As you can see for 2010, Space Shuttle took up about a third of that $10B. Now that it has slipped into 2011, that category rises from about a billion back to around three billion. There will be about four billion for the HLV, Orion, commercial cargo, commercial crew, flagship technology demos, etc. (There are some HSF related tech projects in the Space Technology category (pdf).) If the Senate forces a full scale HLV and Orion programs, that leaves nothing much for those initiatives that will lead to lower cost spaceflight for NASA in the future.

And remember, these are just authorizers. Even if they want to up the budget, they can’t — that happens in appropriations, and that number is already pretty much set. So if they persist in this, all they’re doing is eating the seed corn, and locking us into continued high costs, and no progress, for years.

[Update a few minutes later]

Jeff Foust has more on the Senate authorization activity. As “Major Tom” points out in comments, those hoping for a Restoration don’t realize how weak authorization committees are:

he devil is in the details. I doubt the authorization language would require any real programmatic changes to NASA’s FY11 budget. For example, it’s hard to see the authorization bill specifying a particular HLV design or heritage or a particular level of HLV design decision in 2011. In response to authorization language dictating an HLV design decision in 2011, NASA could simply state that the HLV will employ a LOX/kerosene engine and have at least 50mT of lift and leave the level of specificity at that until more informed and detailed decisions can be made in a few years. Similarly, with authorization language dictating a deep space Orion variant, NASA could argue that it is pursuing such a “Block 1″ variant by developing the “Block 0″ CRV. Or use the language as justification to recompete Orion to create something more affordable within the resources provided by the appropriators, who didn’t provide additional funding for Constellation, ESMD, or NASA overall. (The devil is also in the budget.)

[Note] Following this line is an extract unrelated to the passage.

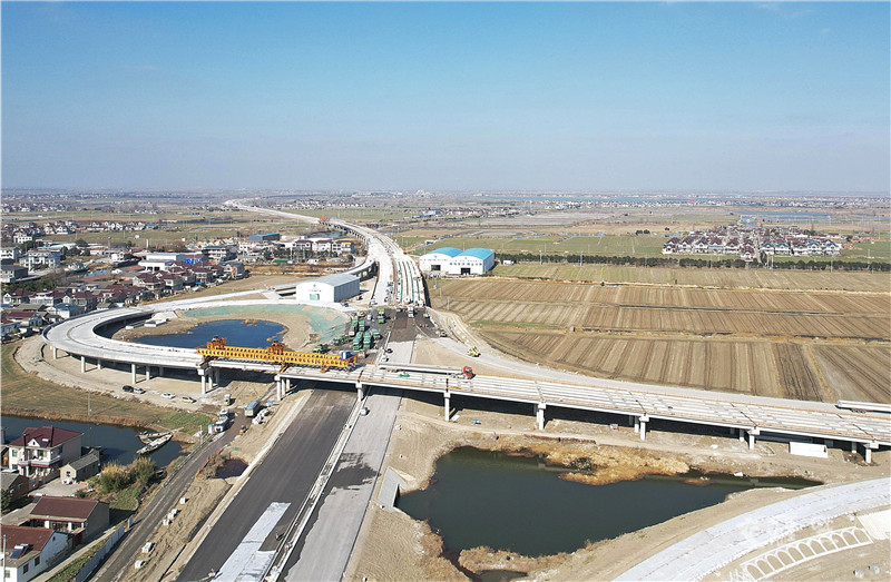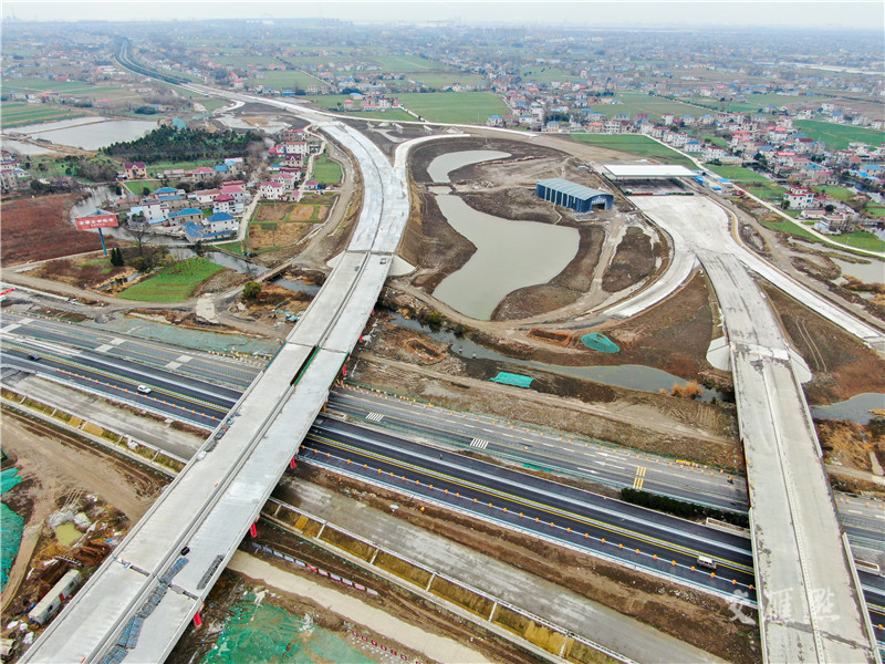 【如皋】1月15日拍摄的沪陕高速公路平潮至广陵(九华段)扩建工程施工现场。沪陕高速公路平潮至广陵段扩建工程是我省重大交通基础设施项目,目前,工程进展顺利。徐慧 摄 视觉江苏网供图

Of course, unlike appropriations bills, which combine NASA’s budget with funding for other departments and agencies, it’s easy to derail or veto standalone authorization bills. If the Administration doesn’t like what it sees in the authorization bill, it’s relatively easy for NASA legislative affairs to raise issue after isse until the bill dies in subcommittee or committee, and the appropriators are forced to act. Or for the White House to simply veto the bill outright if it gets that far.

Yup.

Actually, given the incompetence of this administration, I supposed they could get rolled by the Congress. Then I remember that we’re talking about people like Bill Nelson, here.

Et Tu, Cal?

The latest foolishness about the new space policy from an ostensible conservative comes from Cal Thomas. The nonsense begins with almost the opening sentence:

Silly me. I thought America’s unparalleled space program (before the present administration began dismantling it) was a triumph of American ingenuity, technology, vision and boldness.

If you thought that, you weren’t paying attention. There was nothing “ingenious,” “visionary” or “bold” about Constellation and Apollo on Steroids. It was warmed-over technology from decades in the past, and it was obscenely expensive. If it were the only way to do the job, it might have been worth the money, but I don’t think so, even then. The new policy is much more innovative and visionary, and yes, bold, than the old one, regardless of one’s opinion of the president.